Re: DOM, Promises, and licensing

Based on my read, the language in the invited expert agreement and the
language in the Document License are very different, and appear to be
conceived to prevent different things.

The IEA explicitly seeks to prevent an IE from working on two separate
efforts, one inside the W3C and one outside, and making their contributions
to both, if said outside effort might be "confused" with the W3C one.  I
think this is foolish, frankly, as I believe the only actual effect it
would have would be to encourage development to happen only outside of the
W3C.  I think this language should be removed, as it is an artificial
barrier to participation in the W3C, and quite penny-wise, pound-foolish.
 In addition, this clause does NOT appear to be applied to non-Invited
Expert participants (e.g. Member employees).

The Document License, on the other hand, can only seek to protect itself
from derivative works being made from the cloth of the document in
question: so, if Anne were to take a W3C spec that is under the document
license and replicate it, of course that would be prohibited.  However,
were he to make contributions to a spec under the Document License AND to a
non-W3C spec (or even a W3C spec not under such a license), I don't believe
the DL by itself can prohibit such contributions.

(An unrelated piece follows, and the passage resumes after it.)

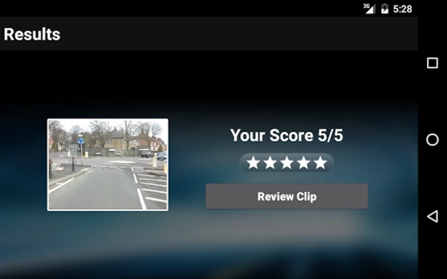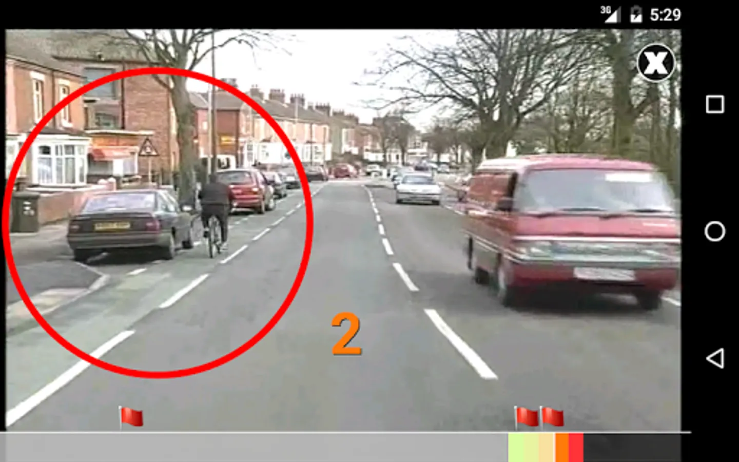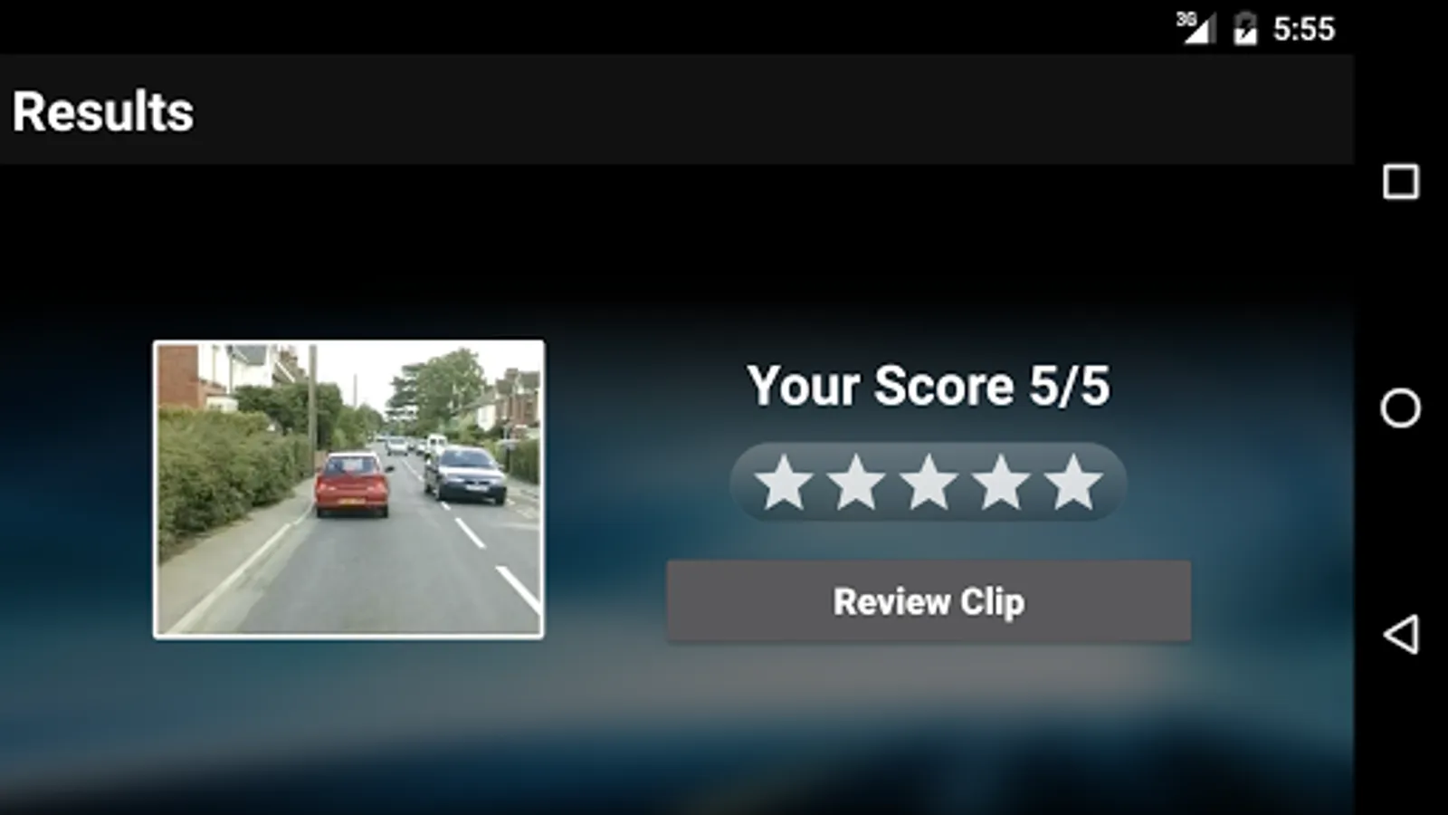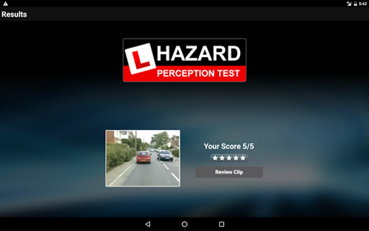 This application reproduces the experience of the real test. You identify the correct hazard by touching the screen on your device. The earlier you identify the hazard the more you score. The scoring goes from five to zero points. When you finish a clip you can play it in review mode to see exactly when the hazard begins and ends.

In short - I think the Invited Expert Agreement should be revised, but I
believe Anne should not be afraid of running afoul of the IEA in this case,
since he's not agreeing to it (as an employee of a Member); and the
Document License applies whether he participates in DOM at W3C or not (but
shouldn't prevent him from contributing to both the W3C spec and the WHATWG
spec independently - if Anne contributes identical language to the WHATWG
spec and the W3C spec simultaneously, that is his right; perhaps if he were
to contribute that language to the W3C spec first, that might be considered
problematic.)  If you believe the WHATWG spec to be a fork of the W3C
document, then I would expect that would be a problem according to the
Document License regardless of future contributions.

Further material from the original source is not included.